In our case, we performed coagulation and vaporization of the visible surface of the tumor and the immediately surrounding tentorial tissue. During this procedure, a small fenestration was generated on the tentorium and the underlying cerebellar tissue was seen. In the majority of patients, the human tentorium consists of two layers that contain a venous plexus that bleeds easily and must be cauterized during surgical procedures requiring its opening. This step can increase the duration of surgery due to intraoperative bleeding. ²³ In the present case, resection of the tentorial basal implant was performed with a RevoLix laser, which allows simultaneous cutting and coagulation of the tentorial surface, minimizing intraoperative bleeding and shortening the time of resection, a procedure that is longer and more demanding with traditional methods. The gross total resection of the mass with complete coagulation of the margins was achieved in about 30 min. No surgical damage to the underlying cerebellar parenchyma was noted. Regarding laser settings, the energy administered was 3160 J during debulking and 1433 J during cauterization of the meningioma implant. The meningioma and tentorium tissues were cauterized and cut with the 2-μm thulium laser in continuous mode at 8 W (Fig. 1C); cauterization of the implant near the transverse sinus was performed with the laser in continuous mode at 6 W (Fig. 1D). Using these settings, no injuries to the cerebellum or the transverse sinus were noted. A 0.73-mm diameter flexible fiber, inserted into a curved hand piece (Surgilas®) that is useful for maneuvers under microscopic magnification, permitted performance of all procedures without any hindrance to the surgeon.

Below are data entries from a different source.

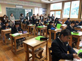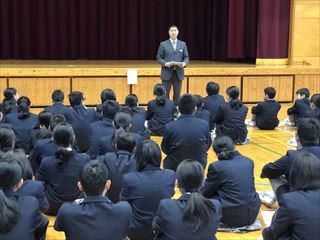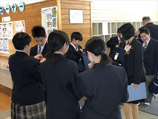 式後、対面式で、在校生からの「粟中エール」合唱で歓迎されました。
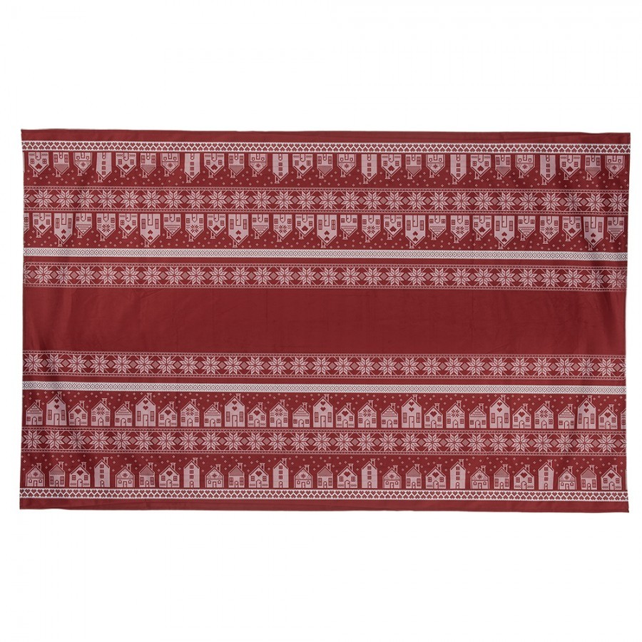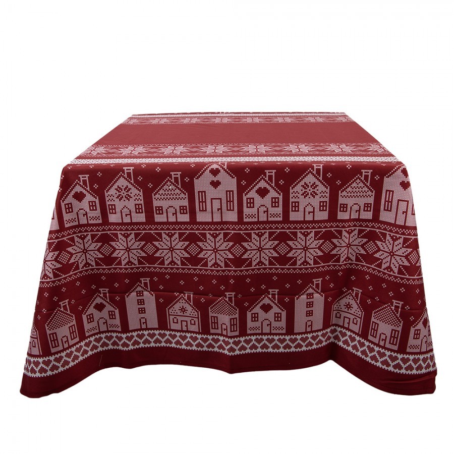 Vytvořte si kouzelnou zimní atmosféru s tmavě červeným zimním ubrusem o rozměrech 140 x 220 cm. Tento ubrus, zdobený okouzlujícími motivy domků a vloček, přináší do vašeho domova pocit tepla a pohody, ideální pro rodinné setkání při svátečním stole.
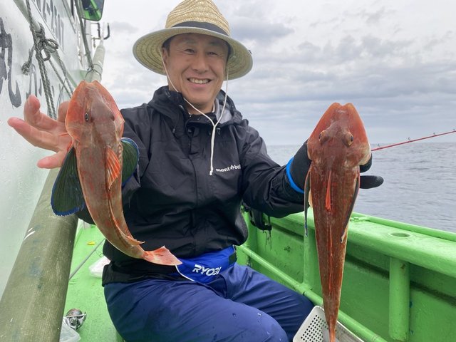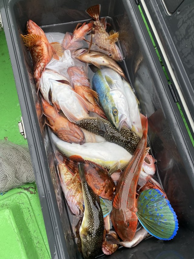 ホウボウ ハタ ソイ アカメバル クロメバル キントキ ワラサ イナダ オキメバル 風向:南西。 潮:大潮。 波高:2.5。 根魚五目船。 沖を攻めてきました。 水深40~45m。 本日の魚種も多彩です!! ホウボウ・ハタ・ソイ・赤・黒メバル・キントキ ワラサ・イナダと皆さんお土産十分出来ました。

Although the use of the laser in the present case displayed many advantages, some details must be provided. First, by using the settings described, bleeding from submillimeter vessels can be perfectly controlled, but it is intuitive that bleeding from medium or greater vessels (>1 mm in diameter) cannot be controlled without other instrumentation. Moreover, radiological and anatomical features of the present case made the resection possible using the laser technique alone. Although debulking, shrinking, and coagulation of the basal implant of larger tumors can also be eased by the use of laser techniques, the importance of the CUSA, bipolar forceps, and microdissection techniques cannot be ignored.

Conclusion

Two-micron thulium lasers can be used in neurosurgery for surgical removal of benign intracranial tumors under microscopic magnification. These lasers are a useful tool in addition to, but not as a substitute for, traditional neurosurgical instruments. However, additional studies must be carried out to define fully the role of thulium lasers during neurosurgical procedures.